Рассказчик слушает Пятую симфонию Бетховена - ту, что начинается со «стука судьбы». Ее неистовое исполнение провоцирует в слушателях из «Менад» полное умопомрачение, вылившееся в оргию с чудовищным членовредительством. У Кортасара в текстах много музыки, но, в основном, это джаз, достигающий своего пика в «Преследователе», однако, к изображению классических произведений Кортасар прибегал редко. После «Менад» становится понятно почему.
Николай Кононов. Фланер
У Рамо есть изумительная пьеса «La Poule», курица, передающая в грустном, ошеломляюще проникновенном регистре напрасную суету этой птицы; В. А. ловко и грустно играл ее – так вот, я на следующий день казался себе курицей, склевывающей кроме оставленной мне еды еще и зрелище его дома.
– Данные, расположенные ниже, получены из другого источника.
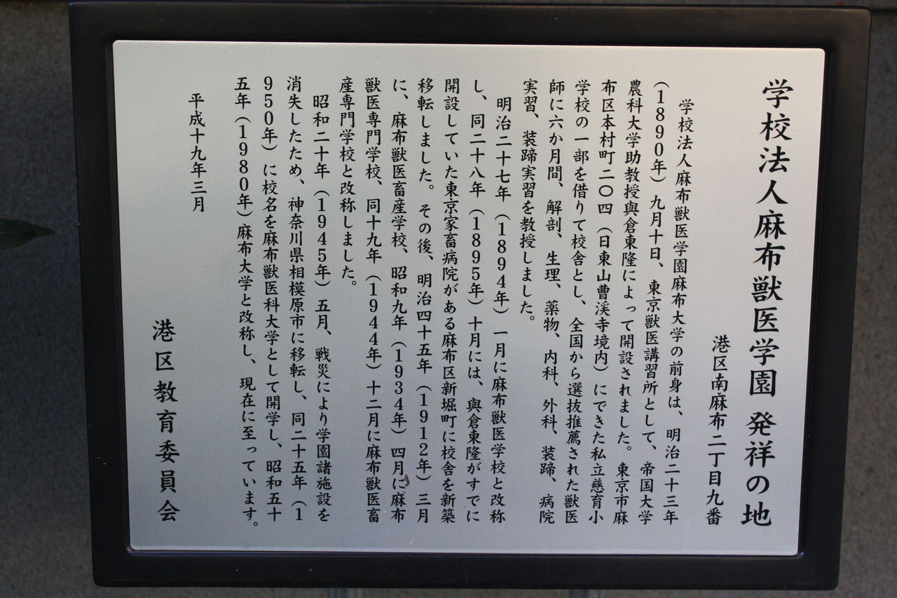 943 学校法人麻布獣医学園 発祥の地(港区南麻布二丁目九番)

Никаких семейных и дружеских фотографий, будто в прошлом совсем не осталось людей, чья оболочка была бы ему дорога. Правда, было несколько акварельных рисунков, подаренных до войны ему, где были какие-то румяные молодые лица. В. А. так играл «Курицу», что казалось – в конце, клюнув прекрасную россыпь звучащих точек, она умирает. Он говорил, что в этой сюите есть еще одна пьеса, называется «Sauvages», то есть «Дикари». Вы бы очень удивились этим дикарям. Прежде чем совершить дикость, они многократно галантно извиняются, в музыкальном смысле, конечно. … Бывало, что невидимая учительница и переигрывала целиком урок, словно в укор какой-то нерадивице (я всегда мог почему-то определить пол музицирующего существа), и в моем слухе, невзирая на толщу этажа, половиц и ковра вдруг шумело легкой травяной порослью туше, будто звуки мягко втерли в воспаленную точку моего перекрученного прошлого, как целительную мазь. И я как-то со всей очевидностью понимал, что есть вещества, родственные дурману, способные унять тоску. Мне казалось, что мне дарили наркоз, от которого я легко проснусь излеченным без следов недуга.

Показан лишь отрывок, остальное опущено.